Kaishi and Akina enjoying their time together
as we head down to Valdeiglesias
The last part into town is all tar and this really made my feet sing - I didn't want to put them down on the ground too hard.  Finally we emerged next to the hermitage where the car was parked and we were done for the day.  Michael had tracked down the hostal and we were able to pull up outside and order an ice cold beer.  The best of the trip so far - and all because it was the best deserved of course!  It was hot and with the beer hitting me I was ready for a sleep.  The guy at the bar, a young man and so they are usually more friendly, was "Mr Cheerful" (not) but stamped my credential and showed me the room.  As usual, very, very clean but at this time of the year - without heating.  It's chilly enough to need it sometimes but often it is not on.  In some of the hostals I added my sleeping bag to the bed covers, but most provided thick extra blankets.  The water, fortunately on this trip (unlike the last) was always piping hot and very welcome on the tired muscles.

I followed my usual routine - hot shower followed by my physio stretches in warm comfortable clothes, then into bed to sleep until supper time.  I was out for the count!  The next day we were due to drive to a start point out of town as both the proposed routes are all on tar for quite a distance.  The "alternative" route (as I said also on tar) takes you to the Toros of Guisando - well worth a visit (more about them on Day 5) and is more of an official detour.

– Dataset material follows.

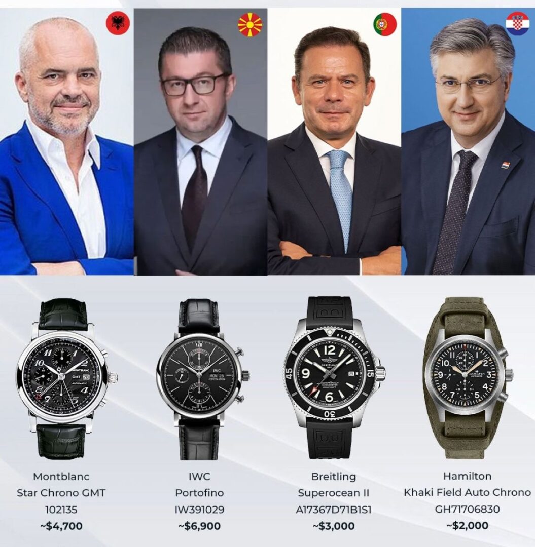 Меѓу оние за кои имаат информација, најскапи часовници на раката имаа премиерот на Белгија Александар де Кро со Франк Милер од 19.000 долари, претседателот на САД, Доналд Трамп, кој често се гледа како носи Vacheron Constantin, вреден 15.000 долари и Роберт Фицо со IWC од 15.000 долари.

San Martin de Valdeiglesias below us with the castle
on the right - there are arrows and scallop markers
along the wall
At supper time we wandered the town desperately trying to find a restaurant.  Everything was shut or closed down.  There seemed to be only one and although not really offering a menu del día, the kind gentleman made on for us anyway.  We were so hungry after the day's events, yet when the dishes arrived they were so enormous I struggled to get through it.  The first course was the most gigantic pasta dish and this was followed by several huge chicken breasts (very tasty and tender) with "real" chips!  I passed on dessert but had not turned down the rather delicious glass of red served in a rather elegant glass.  The whole bar was rather classy, yet the enormous meal was still only 10 Euros each.  I only wish I could remember what it was called in recommendation!  Despite the huge meal, I slept like  a log and was grateful for the alarm at 06.30.  Michael had struggled for most of the afternoon to find a quiet place to park up with the dogs so had missed out on his rest and did not sleep well through the night in the worry that his eventual parking place (back next to the hermitage) might be found out.  However, the Spanish are so relaxed about where people park up to sleep and often we see campers in all sorts of places, totally unbothered by the authorities.